=== Exercise ===
Transcribe, word for word, only the lines from the one containing "A Catalunya, Barcelona" through the end of the material below. Pictures stay out.

=== Dataset excerpt ===
++++++
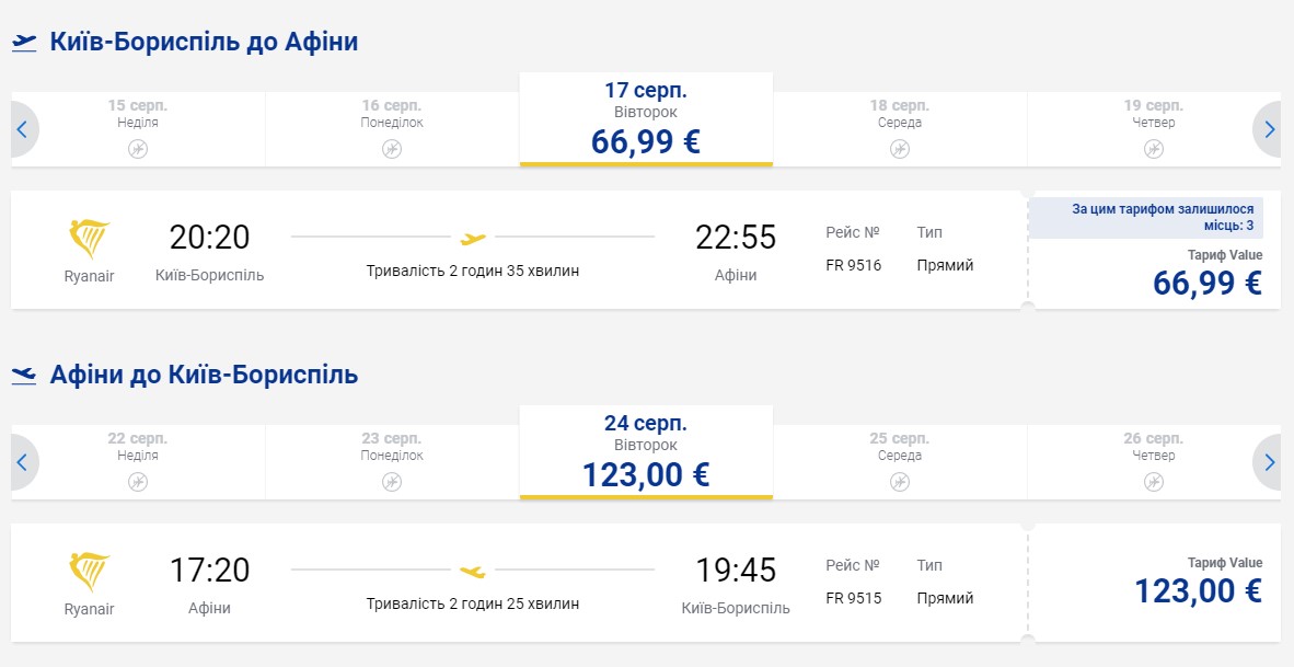 Наприклад, Ryanair з Києва літає в Афіни і Ханью (о. Крит). Ціни на авіапереліт на серпень з Києва до Афін коштує 70 євро (близько 2260 гривень), а назад - 123 євро (близько 3971 гривень).
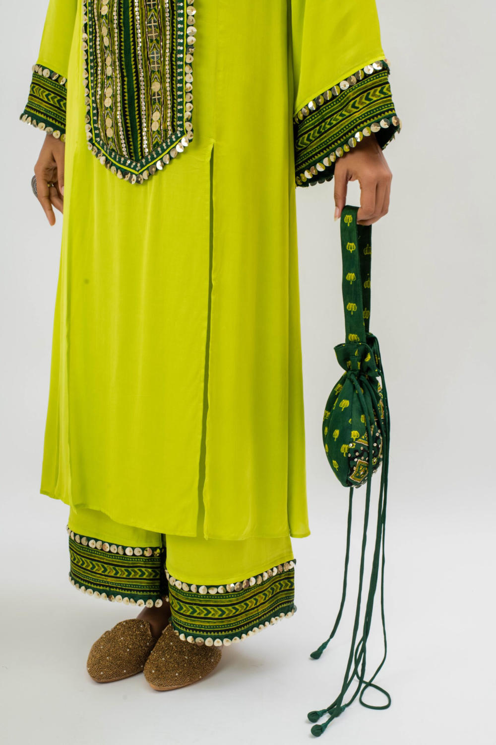 Preeti’s design philosophy is refreshingly modern: she takes silhouettes we know — the salwar set, the kurta, the lehenga-inspired skirt — and strips away the weight, quite literally. Fabrics rooted in heritage such as ajrakh and handwoven textiles become unexpectedly playful under her lens. A burst of neon here, a reworked motif there, a dash of embroidery that feels artisanal but never ornate.
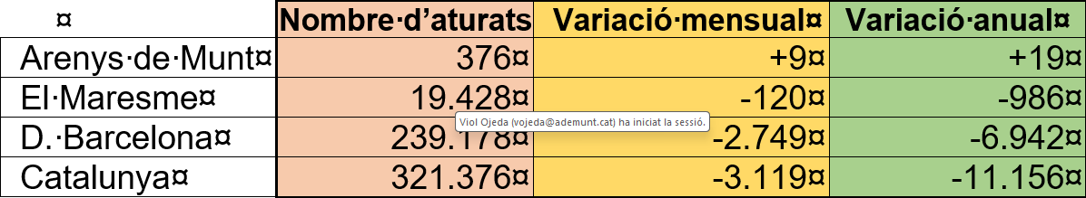 A Catalunya, Barcelona i la comarca les dades d’atur son positives ja que la variació mensual i anual és a la baixa.
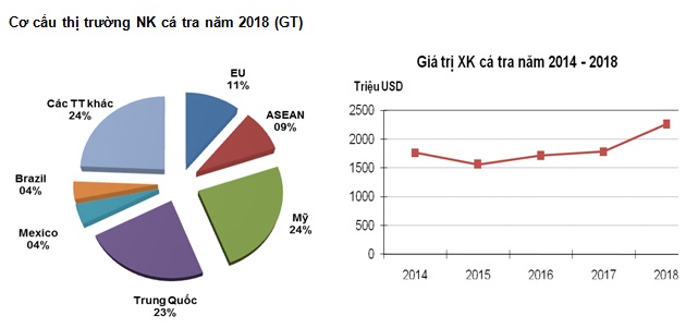 Năm 2017, Trung Quốc lần đầu tiên đã trở thành thị trường XK cá tra lớn nhất Việt Nam khi các thị trường chính như Mỹ, Châu Âu gặp hàng loạt các thách thức từ thuế chống bán phá giá, Đạo luật Farm Bill của Hoa Kỳ, truyền thông bôi bẩn ở một số nước EU. Tiếp tục đà tăng trưởng ổn định này, năm 2018 kim ngạch XK vào Trung Quốc đạt 528 triệu USD tăng 28%.
++++++
=== Solution ===
 A Catalunya, Barcelona i la comarca les dades d’atur son positives ja que la variació mensual i anual és a la baixa.
 Năm 2017, Trung Quốc lần đầu tiên đã trở thành thị trường XK cá tra lớn nhất Việt Nam khi các thị trường chính như Mỹ, Châu Âu gặp hàng loạt các thách thức từ thuế chống bán phá giá, Đạo luật Farm Bill của Hoa Kỳ, truyền thông bôi bẩn ở một số nước EU. Tiếp tục đà tăng trưởng ổn định này, năm 2018 kim ngạch XK vào Trung Quốc đạt 528 triệu USD tăng 28%.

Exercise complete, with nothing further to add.